As I was sitting in the living room on Monday watching the twins that I babysit sleep, I kept thinking to myself, “How does one prepare themselves for the impending death of a loved one? Can one even be fully prepared?” My question was answered only a few minutes later when my dad called me and told me that my Grandpa had breathed his last and had gone to his eternal rest. No, one cannot be fully prepared. One can only be prepared on a certain scale.
I had never experienced the passing of a loved one close to me. It doesn’t seem real, even though I’ve known for weeks that it was coming. There is comfort in knowing that he is with the Lord. However, knowing that he will not be here next time I come visit is a sad thought.

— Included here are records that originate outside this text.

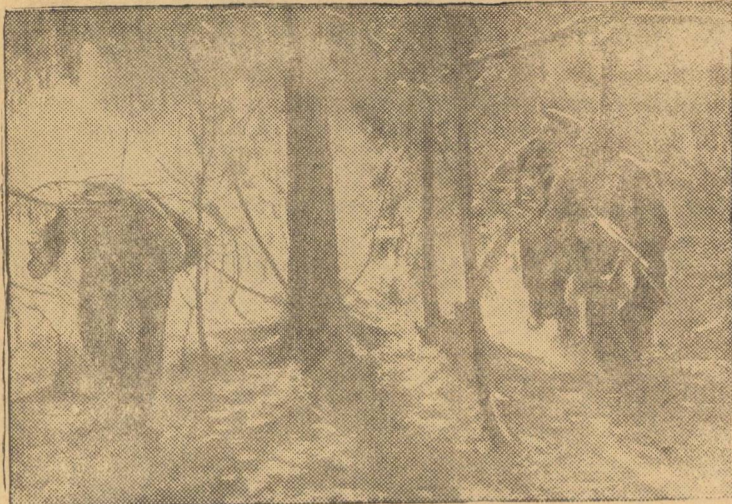
Действующий Краснознаменный Балтийский Флот Десант балтийцев, высадившийся на вражеском острове, «прочесывает» лес.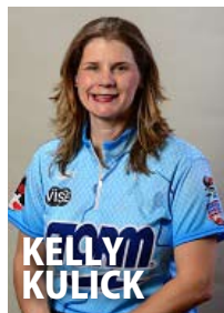
ケリー・キューリック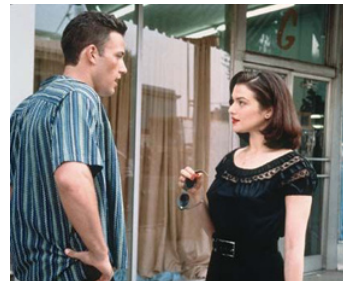
1997 GOING ALL THE WAY de Mark Pellington avec Ben Affleck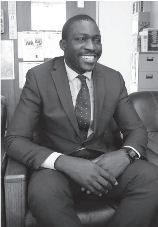
さわやかな笑顔でインタビューに応じるカレッジさん

I don’t remember him talking very much or having super long conversations, but his actions certainly spoke loudly to me. I took after him in being early to everything. He taught me how to fish by showing me how, even though he had to bait the hook and take the fish off because I refused to touch the worm or the fish. He taught me how to drive. It was on a lawnmower and around their yard, but that was the first driving experience I ever had. He taught me how to play horse shoes. He gave me my first taste of ice cream and brownies and it’s because of him that one of my favorite drinks is Dr. Pepper.
It was terrifying to me that I didn’t know what to expect from other people or myself even in this kind of situation. When you’ve never experienced this before it’s hard to know how you’ll react. It’s only the day after and the funeral is already a blur. I remember certain moments and certain faces, but definitely not the whole thing. I do remember people talking of his great heart for helping people in need, his unwavering faith, and his quiet resolve. I hope that I follow in those footsteps and have the same heart, faith, and resolve. He worked hard all his life and left a great legacy. I am so thankful for my family and for how we were all there for each other during this time. I look forward to the day when we can all meet in Heaven and never have to be separated again.